A previous study showed that 63% of PD patients have abnormalities in the modified barium swallow test.38 Dysphagia occurs in both oral and pharyngeal phases in PD patients.39 Although oropharyngeal dysphasia is common among PD patients, unlike other parkinsonian disorders such as MSA, it is usually asymptomatic in the early stages and features in the advance stages. Oesophageal dysphagia is also prevalent in PD, as demonstrated by abnormalities noted during videofluoroscopy40 and manometry.41

Gastric emptying studies

Various methodologies have been used to evaluate gastric emptying. A solid or liquid meal is mixed with a small amount of radioactive material, and the amount of radioactivity in the stomach is measured for several hours. The ¹³C octanoic acid or ¹³C-acetate breath test is also used to measure gastric emptying of solids. In PD, disturbed gastric emptying has been found in the early untreated stage.42

Electrogastrogram

Electrogastrography (EGG) using surface electrodes can record gastric slow waves (gastric pacemaker rhythm) at ∼3 cycles/min, which originate from the pacemaker cells on the major curvature of the stomach. EGG can be clinically used to evaluate gastric motility.43 Slow waves have been reported to be irregular in PD patients.44

Colon transit time and anorectal manometry

Recent studies suggest that delayed gastric emptying results from delayed bowel transport with or without abnormal anorectal evacuation. Colon transit time was longer in PD patients45 and thought to be due to degeneration of parasympathetic nuclei and myenteric neurons.46 Anorectal manometric abnormalities, including lower basal sphincter pressure and abnormal phasic contractions during voluntary contraction, have also been observed.47 Pelvic floor dyssynergia and the lack of puborectalis relaxation might contribute to constipation in PD.48

Thermoregulatory sweating test

In thermoregulatory sweat testing, the patterns of anhidrosis in PD may vary, such as the truncal and proximal limb regions (central pattern), segmental regions and myelopathic distributions.52 This wide spectrum of anhidrotic patterns implies that the initial involvement and progression of autonomic cellular loss varies considerably.

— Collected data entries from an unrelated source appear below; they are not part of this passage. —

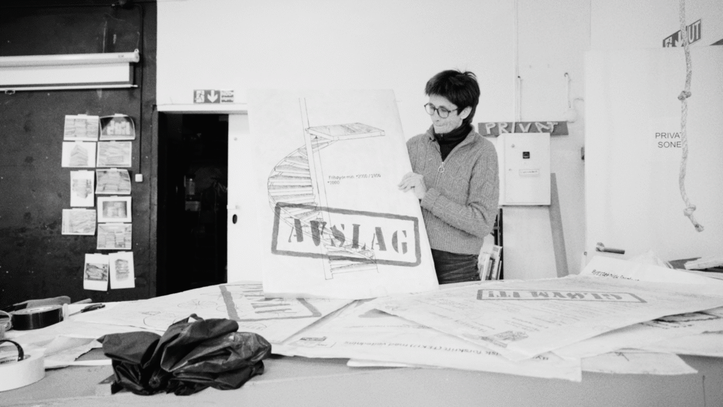 Anne Marit Sæther fra Cirka Teater viser frem rekvisitter fra forestillingen «Trappa». Her holder hun avslagsbrev fra kommunen som i forestillingen tar form som skjold. (Foto: Carl Christian Lein Størmer)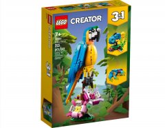Se stavebnicí Exotický papoušek od LEGO Creator 3 v 1 se malí stavitelé a milovníci zvířat vypraví do pralesa, kde zažijí akční dobrodružství. Mohou se těšit na pestrobarevného papouška, který sedí na větvi, kde se otáčí a hýbe křídly a ocasem.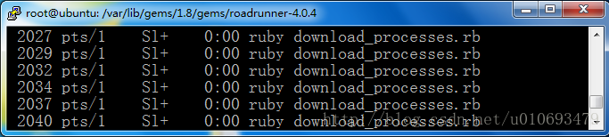 3. 进程模式,使得压力发送的能力只限制于硬件,进程模式是RR的4.0版本添加的功能。test目录下的download_process.rb是进程模式的一个例子。在lib目录里面的run.rb可以看出当程序选择线程模式(t)或者进程模式(p)时的行为。当mode定义为进程模式的时候,RoadRunner将产生最真实的压力。如图四,上图是在运行download_process.rb的时候,在终端运行“ps -x”可以看到的有多个进程在运行;下图是运行测试例子后输出的日志。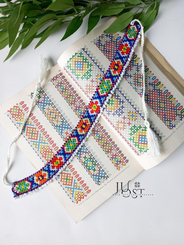 Украинская традиционное украшение с Ивано-Франковской области начала первой половины ХХст. Сделано из чешского бисера. Длина 35см + завязки по 18см,ширина 2.5см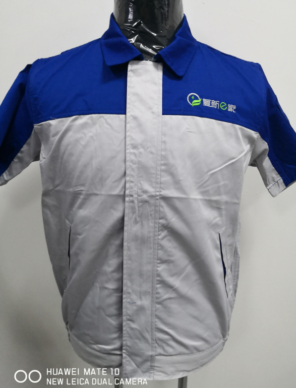 宁波复新保洁最终采用的是我们的AC072的款式  此款有三个拼色的系列。材质高棉的环保面料,版型挺括,口袋也是采用防盗口袋设计,避免口袋物品的掉落。左臂设置笔袋,方便员工放置笔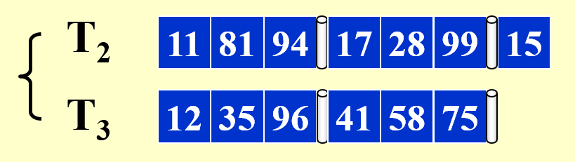 我们希望在降低趟数的同时能够尽可能避免磁带数的提升,因此尝试一下在保持子序列个数不变的情况下减少所需磁带数,下面以 \(k=2\),磁带数 = 3(比原来的少一个)为例进行分析: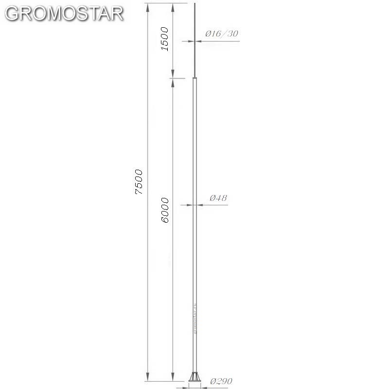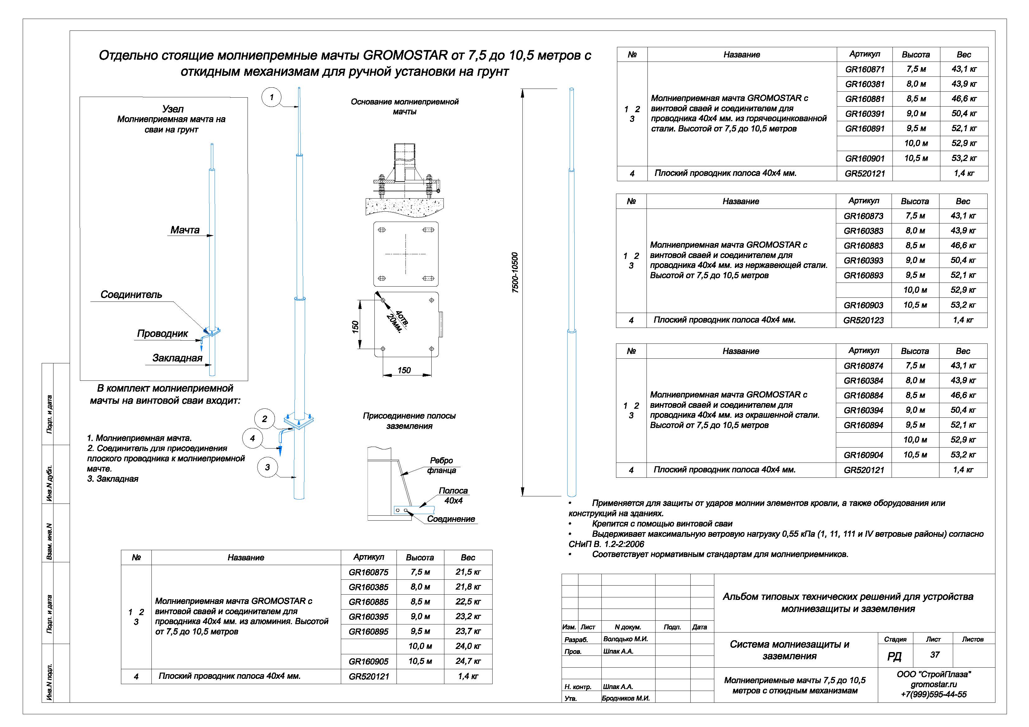 Отдельно стоящая молниеприемная мачта 7,5 метров GROMOSTAR с откидным механизмам для ручной установки имеет в составе: мачта, закладная, соединитель для присоединения мачты к проводнику. Молниеприемная мачта устанавливается на грунт.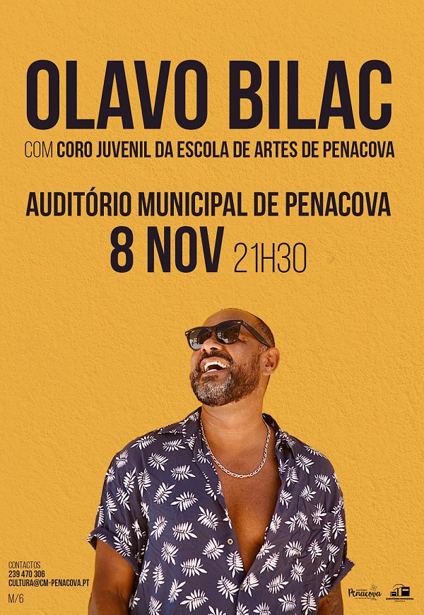 Nesta apresentação, Olavo Bilac contará com a participação especial do Coro Juvenil da Escola de Artes de Penacova, que subirá ao palco para partilhar as canções e a emoção de uma noite que promete ser memorável.
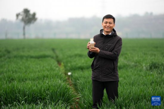 4月8日,陜西隴縣小麥科技小院負(fù)責(zé)人、西北農(nóng)林科技大學(xué)副教授張超手捧西農(nóng)111小麥種子站在試驗(yàn)田里。
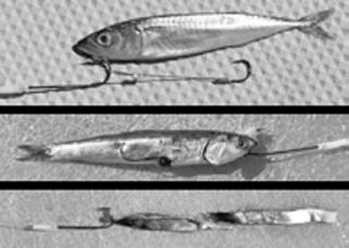 (上)こんな感じで小魚エサなどの体内にインナーフックを埋め込む(中央)エラからインナーフックを押し込むが、脇から出てしまったら外側に掛ければいい(下)切り身エサでも使える。船のサバエサを2枚付けにしてみたが、小型しか釣れなかった

Quantitative Sudomotor Axon Reflex Test

The Quantitative Sudomotor Axon Reflex Test is used for assessing postganglionic sudomotor function and is often used in conjunction with thermoregulatory sweating testing. There have been only a few studies using this method, indicating reduced53 and normal axon reflex sweating.54

Sympathetic skin response and sympathetic sweat response

Sympathetic skin responses (SSR) have been used for evaluating sudomotor function by measuring evoked electrodermal activity, which reflects sweat gland activity, on the hand or foot. SSR mainly reflects emotional sweating on the palm or sole. However, the SSR is less reliable as a quantitative index of sweating. In contrast, the sympathetic sweat response, where the amount of sweat output is measured by a sudorometer or capacitance hygrometry, is a useful quantitative method for evaluating sudomotor function. Responses may be reduced or absent in PD patients.31

Skin biopsy

In skin biopsies from the lower thigh, autonomic innervation of the blood vessels, sweat glands and erector pili muscles have been reported to be reduced in PD.55 In autopsy cases of PD, α-synuclein pathology was demonstrated in the unmyelinated fibres of the abdominal dermis in 20 (23.5%) of 85 patients who also had Lewy body pathology in the brain.56 However, in studies with skin biopsy, abnormal α-synuclein accumulation in unmyelinated fibres was present in the dermis of the thoracic wall but not in the lower limb in two (10%) of 20 PD patients.57 The same group also retrospectively examined abdominal skin in 142 patients with Lewy body pathology in the CNS and demonstrated that the sensitivity of Lewy body pathology in the skin was 70% in PD. The discrepancy between results of autopsy based and skin biopsy studies may be explained by the differences in the sites for tissue samples, the size of skin tissue examined and the number of examined sections.